Now, in my 40s, my body is the crystal ball into my future and I’m paying close attention. It needs more motion, better nutrition, and more sleep. I’ve developed more compassion and respect for its limitations. I’ve had three fairly painful, serious injuries in the last three years. My frequent exposure to elementary aged beasties has challenged my immune system.

These days, I have to pull myself back from running when I have bronchitis and from doing taekwondo when I have a pulled quad. I try to stay focused when I do yoga, so that my mind and my body feel united, so that I honor how it moves me through my day, holds my child, types these words. The greatest lesson is not what my body can do for me, but how I can take care of and respect it. This is where compassion for the physical challenges and illnesses of others starts to grow – when you learn to honor your own.

Yoga for the Discursive Mind

I wish I were good at yoga. On top of the physical inability to do whatever-asana without groaning, I go straight into short attention span mode the minute I flop on a mat. It starts with me realizing I wore colored socks and now have dark fuzz stuck between all my toes and ends with barely contained giggles when someone starts snoring during the relaxation pose. Sometimes that someone is me and I still think it’s funny. I’ve tried it in a beautiful studio with sunlight and wood floors. I’ve done it in my livingroom with a DVD while being distracted by Rodney Yee’s…uh…outfit. I’ve done it at the Y. I’ve done it on the fly. Okay, Dr. Seuss probably had a short attention span, too.

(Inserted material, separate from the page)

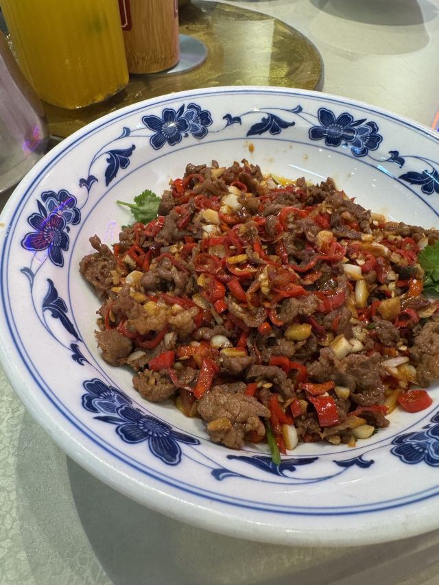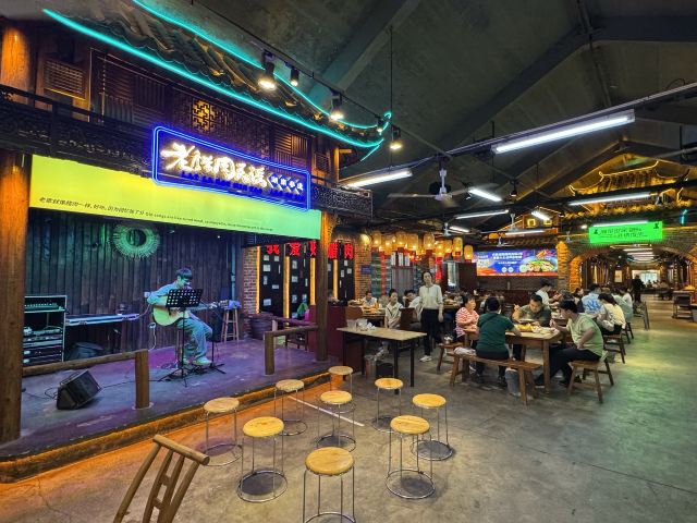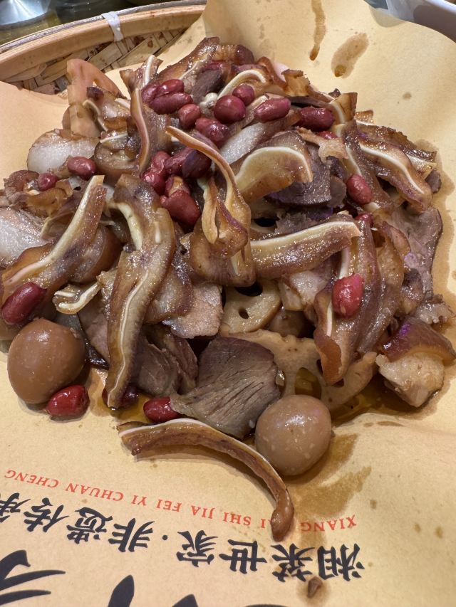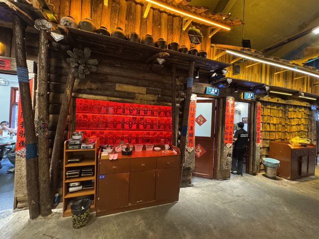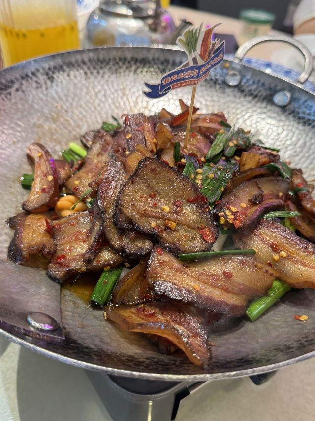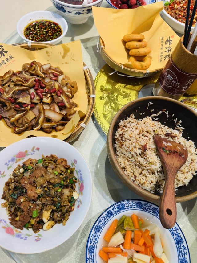 长沙老许家大蒜炒腊肉工厂店。这家店的环境确实挺有味道,老工厂改造的,层高特别开阔,红砖墙和旧标语都保留着。不像有些馆子挤挤挨挨的,这里坐着很舒坦。 他们腊肉就挂在进门处,看得见的风干过程,香味隐隐约约飘过来,还没吃上就勾起食欲。桌椅摆得宽松,说话不用刻意提高嗓门。坐在这种地方吃传统菜,感觉特别对味。那份扎实的烟火气,和碗里的大蒜炒腊肉一样,都是生活中让人安心的事物。

Western Yoga comes in all shapes and sizes, much of it athletic and circus-like (aerial yoga – really!). There are so many experts and superstar yogis, that it has just become another thing I “should” get better at. When my daughter was younger, we used to do this children’s yoga DVD together. The teacher was wonderful – animated, laughing and the kids were having a great time. It’s a lovely concept that now makes a profit – welcome to Laughing Yoga. Or somebody thought that if you jacked up the thermostat to over 100° F, it would make people healthier. Welcome to Hot Yoga. I’d attend Hot Flash Yoga. I’m assuming that would be taught in a refrigerated room.

For me, yoga might not be in a room with bendy people laying on rubber mats for an hour. I understand the intent and that is my road to yoga. To stop, to breathe, to feel and appreciate the work my body does for me, to take care of it a little better, to still my thoughts, if only for a few moments and to whisper a little ‘namaste’ to the world. Sometimes yoga for the day is three really long, really quiet stretches while breathing deeply. Or standing in tree pose while my child runs around me laughing.

I tend to lean toward eastern philosophies that yoga is meditation to unite body and mind. The eastern yogis don’t look like triathletes and they don’t have “gear”. When you see photos of eastern practitioners, they’re usually sitting around swathed in what look like sheets – that is a yoga outfit I can get on board with, especially if I fall asleep during the relaxation pose. I admire the calm and serenity I see in experienced practitioners of yoga, but I know it will never be me, because I’m already thinking about something else.